The answer is yes. You simply create a digital currency with the rate of work toned back to sane levels that actually represent the far slower changing value of goods & services without Bitcoin's hyper-deflationary junk bubble economics. The issue isn't that crypto-currencies aren't useful, the issue is the completely arbitrary and nonsensical "economics" behind wasting hundreds of billions of $ in energy costs over their lifespan is almost completely divorced from reality of the real-world economy.

The only way your argument flies is to degrade Bitcoin's value to 'just' another currency.

"Normal" currencies? What is even a 'normal' currency?

What is a "normal currency"? One that actually fulfils the criteria of one : 1. Short term stability (no wild month by month volatility to actually give faith for native pricing), and 2. Liquidity (no currency shortages when used on a larger scale). Bitcoin has failed miserably at both every single year of its life. Currencies by definition are supposed to be stable, ie, not supposed to go down OR up.
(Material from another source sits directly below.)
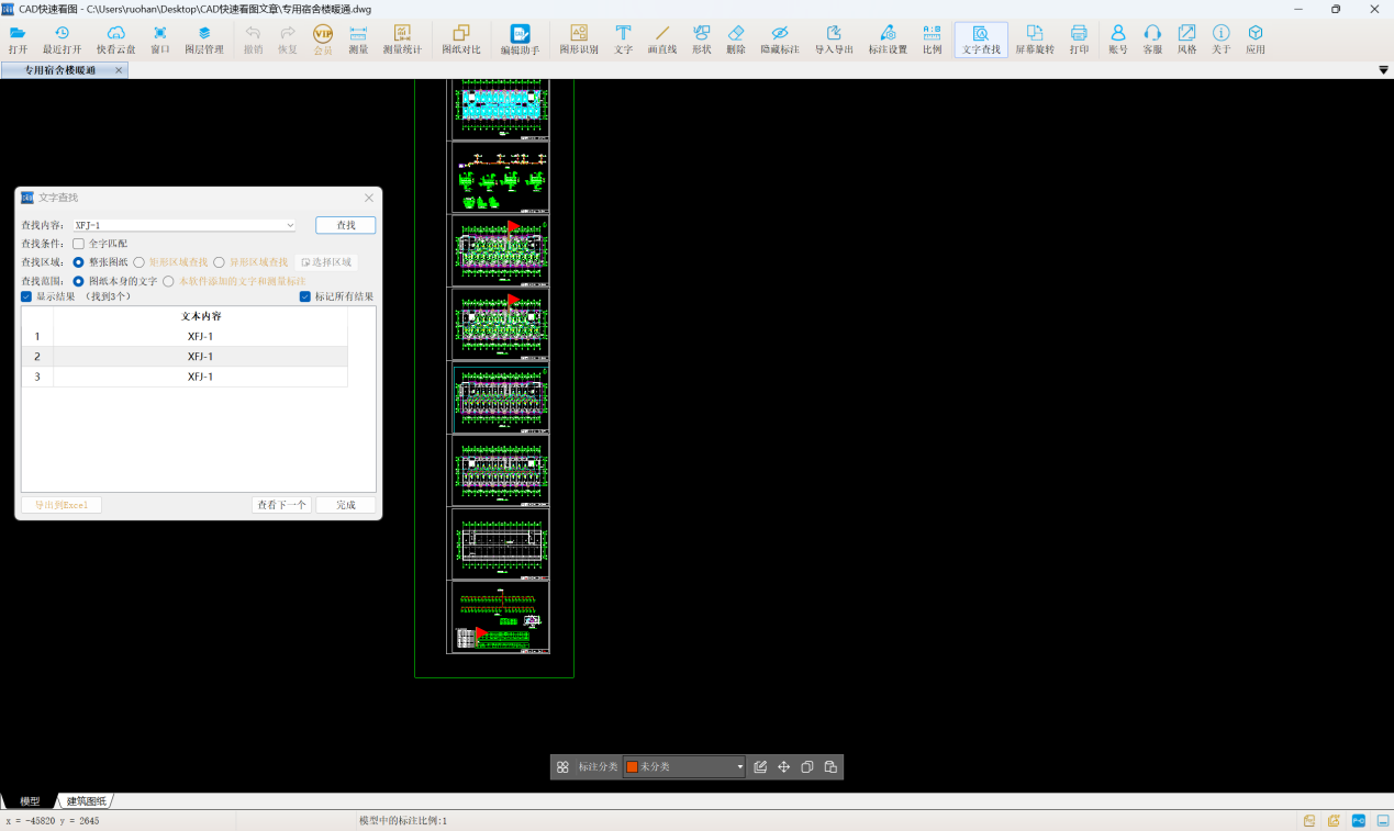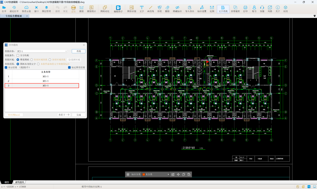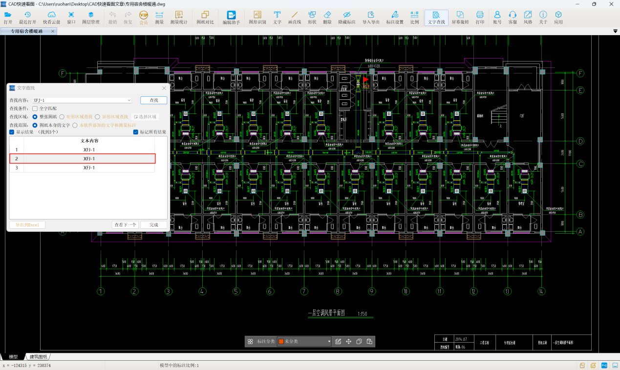 然后繼續使用【文字查找】功能,輸入“XFJ-1”,得到圖紙上有三處“紅旗”標記點。表格中結果顯示同樣為3行,依次點擊表格,除去設備表中名稱,在一層空調風管平面圖和二層空調風管平面圖中各有一臺。
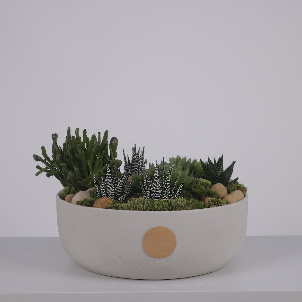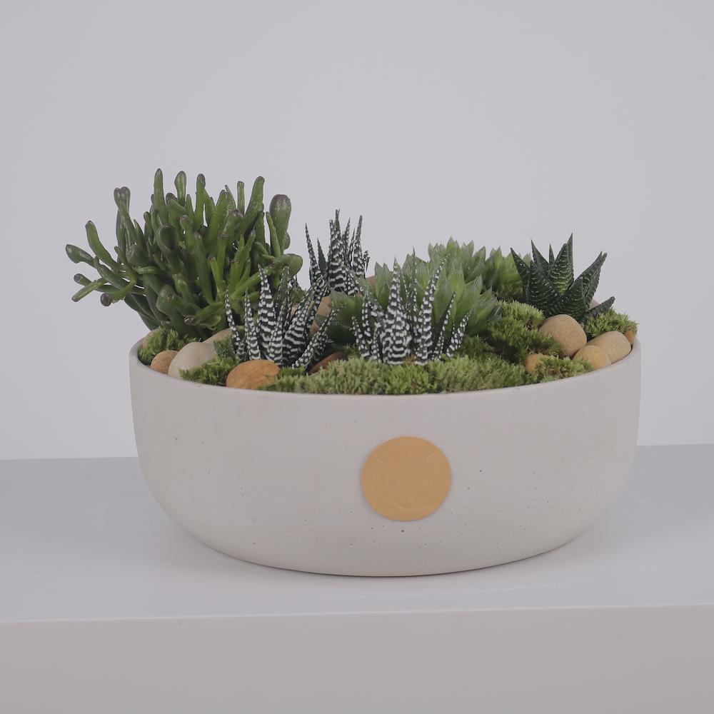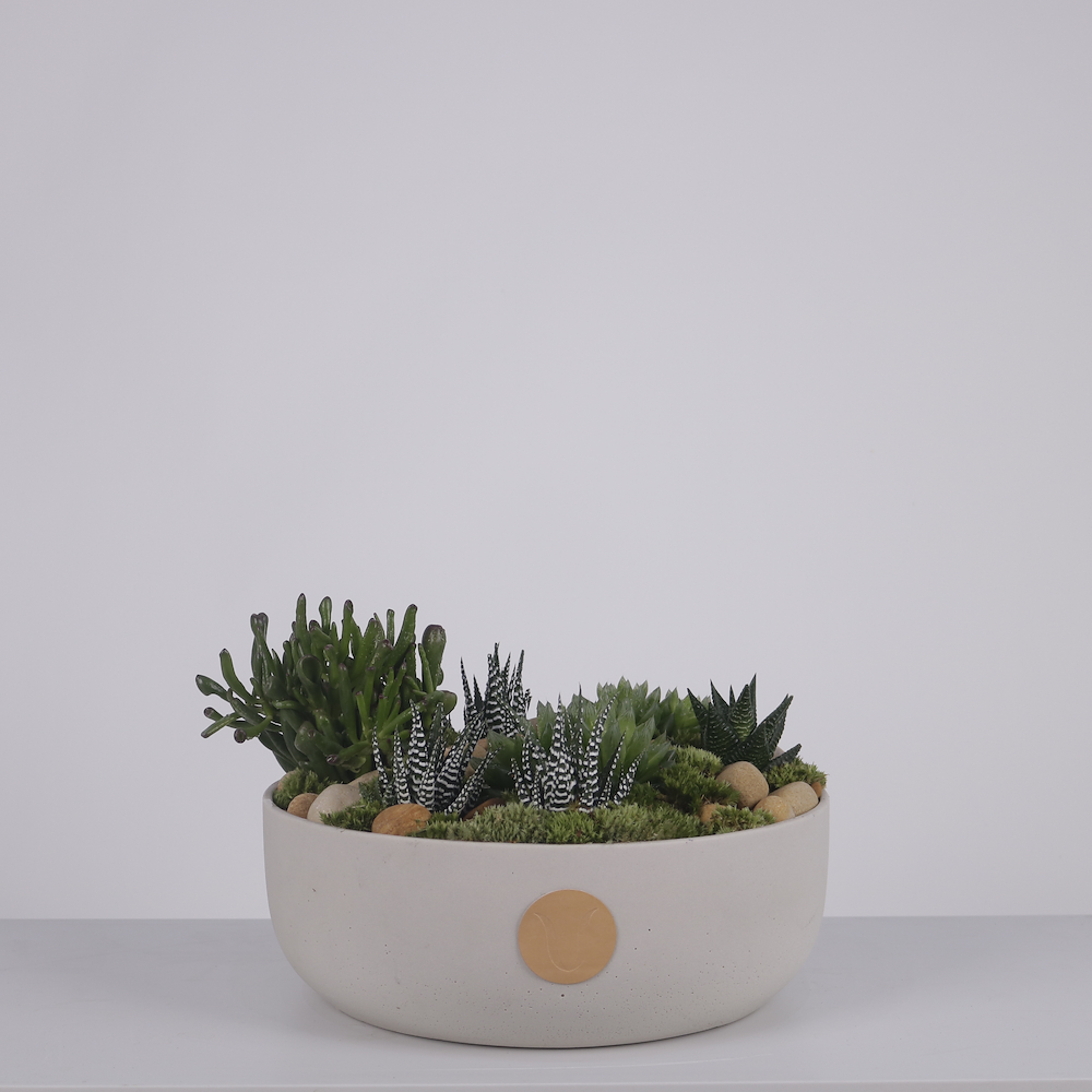 A lush, living landscape of premium architectural succulents and natural river stones in a minimalist ceramic bowl. A sophisticated, low-maintenance that brings timeless organic beauty to any home or office.

Why do you think China don't want a mega-appreciating Renminbi and underpeg it to the USD? Because it would make exports more expensive and less competitive vs neighbours. "Bitcoin economics" would literally kill off any country's export economy stone dead.

The "elephant in the room" is that everything completely falls apart when you do native pricing (set a static price in BTC, not simply price in USD then work out the USD -> BTC exchange rate) with massive day to day fluctuations. Imagine being a baker seeing the price of bread in Bitcoins change from 2 to 0.002 in the space of mere months when literally nothing about the demand for bread, bakery operating costs, supply of wheat, population size, etc, is changing more than +/-5%. Pretend the USD doesn't exist, and there's only BTC vs Bread. What do you think a 1,000x change is supposed to be "reflecting"? The bubble "values" are completely worthless vs actual real-world trade, which is why almost nothing (except Ransomware) is priced natively in Bitcoins. It's priced in USD, EUR, etc, and the Bitcoin equivalent gets asked for then rapidly exchanged back into something more stable.
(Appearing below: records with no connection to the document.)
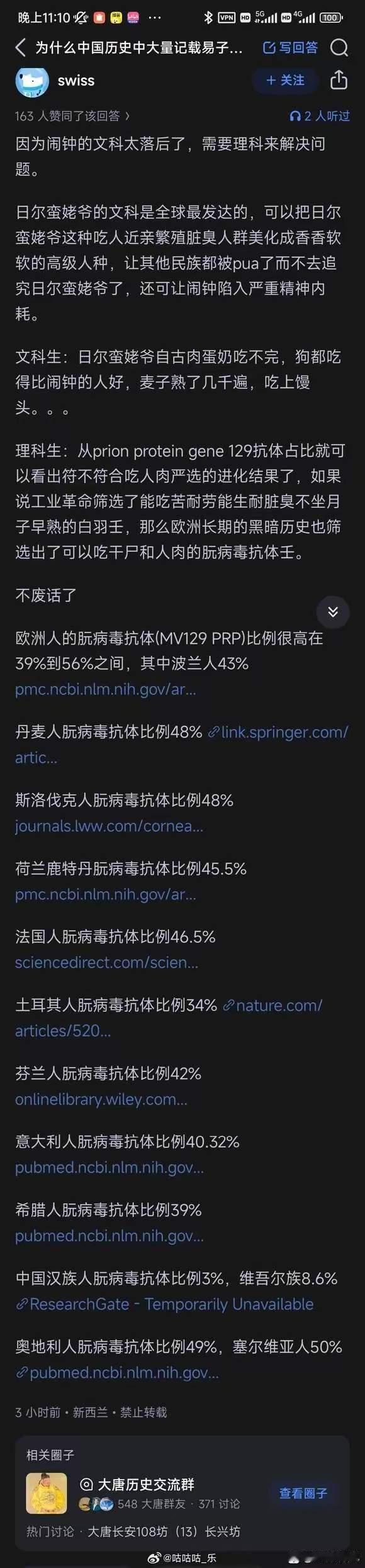 朊病毒抗体比例主要与人类历史上是否频繁接触朊病毒有关,一般认为其比例较高可能意味着该人群在历史上有过较多食人行为或接触同类尸体的情况,因为朊病毒可通过这种途径传播,使得相关抗体通过自然选择在人群中保留下来。 例如,汉族朊病毒抗体(129MV PRP)比例低至3%出头,东亚各世居民族普遍较低,日本最高也才6%,而欧洲各民族多在40%以上,太平洋岛屿民族最高可达50%以上。这只能说明不同地区人群在历史上接触朊病毒的程度可能不同,直接反映古代各民族食人习惯。人肉朊病毒 朊毒体 朊病毒抗体 都朊 朊粉 朊粒病 梦朊 精神测序 油养朊 毒蛋白基因 基因寡糖 感染kp 文朊油 病毒kp pe病毒
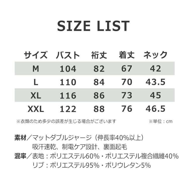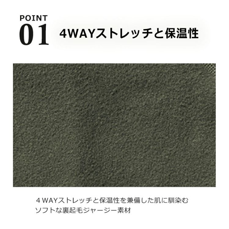 肌に馴染むソフトな裏起毛ジャージー素材が暖かい。
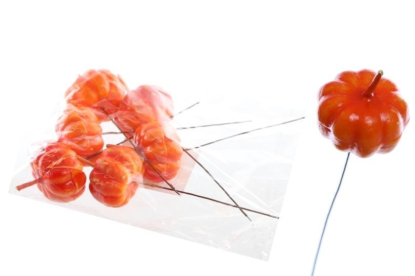 Sada 6 ks umělých dýní na drátku.Materiál: polystyrenRozměry:výška dýně včetně stopky 4 cmprůměr 3,5 cmdélka včetně drátku cca 14 cm prečítať celé
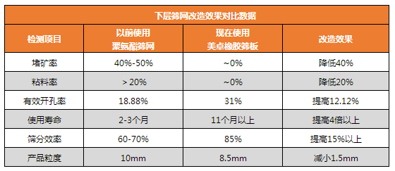 在這種情況下,改造的下層篩網(wǎng)需要優(yōu)先解決堵礦和粘料問題,提高篩分效率。其次,要減小篩下物產(chǎn)品粒度,降低磨機(jī)給礦粒度。同時,還要提高篩板的使用壽命,從而達(dá)到降低生產(chǎn)成本的根本目的。
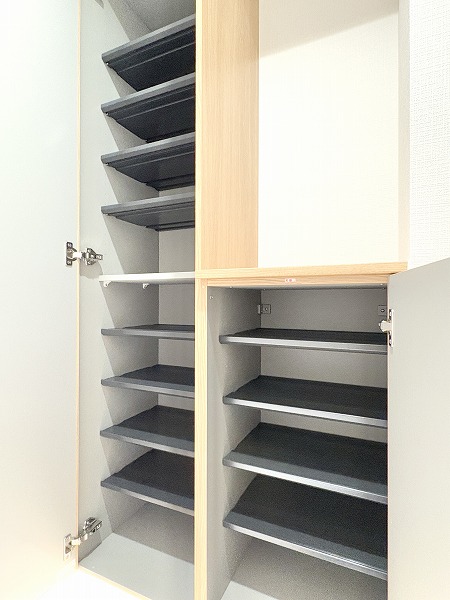 シンプルモダンですっきりとしたデザインの玄関。シューズクローゼット付きなので、玄関周りに靴が散らばることなく整頓された状態を保つことができそうです。姿見が備わっているため、お出かけ前の身だしなみチェックは完璧✦
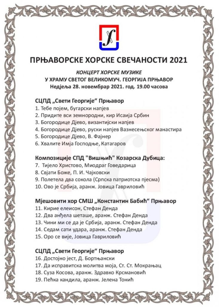 У недјељу 28. новемра 2021. године, у оквиру фестивала, одржан је коцерт у храму Светог великомуч. Георгија у Прњавору. Публика је имала прилику да ужива у интерпретацијама СПД “Вишњић” Козарска Дубица, под руководс

Saying Bitcoin must be 30000:1 vs the $ "because fiat is worthless" is complete nonsense because if you price up "fiat" in tangible commodities (eg, the value of USD measured in barrels of oil / tonnes of copper / bushels of wheat), literally nothing has soared in value 30,000x in 10 years relative to the USD (if $50 oil was set to 50BTC at 1:1 10 years ago and all fiat disappeared leaving only native BTC, do you think after 10 years that BTC equivalent of $0.0016 is a "fair price for oil" bearing in mind it still cost many thousands of times more to actually produce? :laughing:

If all fiat currencies disappeared overnight, and you valued BTC in commodities year-on-year, the illusion that Bitcoin's 30,000x "wealth increase" per decade is anything other than an artificial hyper-deflationary bubble would instantly pop (and the only thing propping that up is ironically a fiat-like faith that it's "worth" solely what someone is still willing to pay, not because it's backed by anything). What a few geeks who are great at explaining Blockchains but extremely cr*p at economics really want with this stuff is a digital get-rich-quick scheme, but keep trying to dress that up to be something it simply isn't. Repeat after me - Currencies are not stocks...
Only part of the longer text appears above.